A process is described for recovering cobalt and/or manganese from a residue from a catalytic oxidation process for producing an aromatic polycarboxylic acid, wherein the residue comprises water-soluble cobalt and/or manganese compounds and an acidic organic component. The process comprises providing a first solution containing part of the residue including at least part of the water-soluble cobalt and/or manganese compounds. An alkali metal compound selected from an alkali metal carbonate and an alkali metal bicarbonate is added to the first solution to raise its pH to ≥5 to ≤7 and release CO2. The release rate of CO2 gas from the first solution is between 350 and 400 kg/hour. An alkali metal carbonate is then added to the first solution to further raise the pH thereof to ≥7, thereby precipitating cobalt and/or manganese carbonate-containing species.

Description

RECOVERY OF METAL CATALYSTS FROM OXIDIZER PURGE STREAMS
FIELD
[001] The present application relates to the recovery of metal catalyst from the oxidizer purge streams produced in the synthesis of aromatic polycarboxylic acids.
BACKGROUND
[002] Cobalt or manganese or a combination of cobalt and manganese, e.g. in the form of their acetates, together with a source of bromide ion, is known to provide effective catalysis for the liquid phase oxidation of aromatic polycarboxylic acid precursors, such as para-xylene, to produce the aromatic polycarboxylic acids, such as terephthalic acid. The liquid phase oxidation is carried out using a lower monocarboxylic aliphatic acid, such as acetic acid, as a solvent in which the catalyst system is dissolved.

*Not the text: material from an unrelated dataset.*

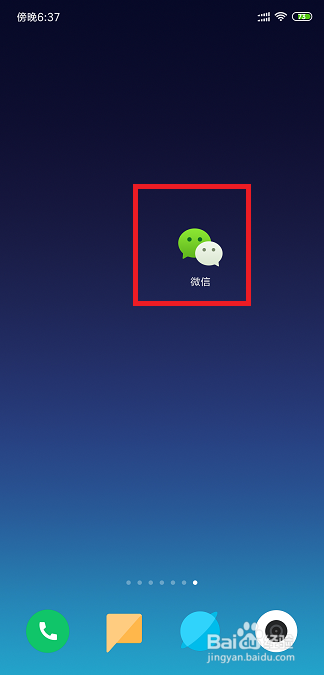 首先我们打开手机,然后找到〔微信〕,我们点击打开〔微信〕。

[003] The aromatic polycarboxylic acid produced by the oxidation process is withdrawn from the reactor as a slurry of crystals in a mother liquor comprising mainly the aliphatic carboxylic acid together with an aqueous phase containing dissolved catalyst components and an organic phase containing some polycarboxylic acid and precursors thereof. Further precipitation of the aromatic polycarboxylic acid is usually obtained by means of a crystallisation process before separating the crystals from the mother liquor. The solids-liquid separation may be carried out by means of an integrated filtration and washing system, such as disclosed in EP-A-502628 and WO- A-93/24440, the entire disclosures of which are incorporated herein by reference.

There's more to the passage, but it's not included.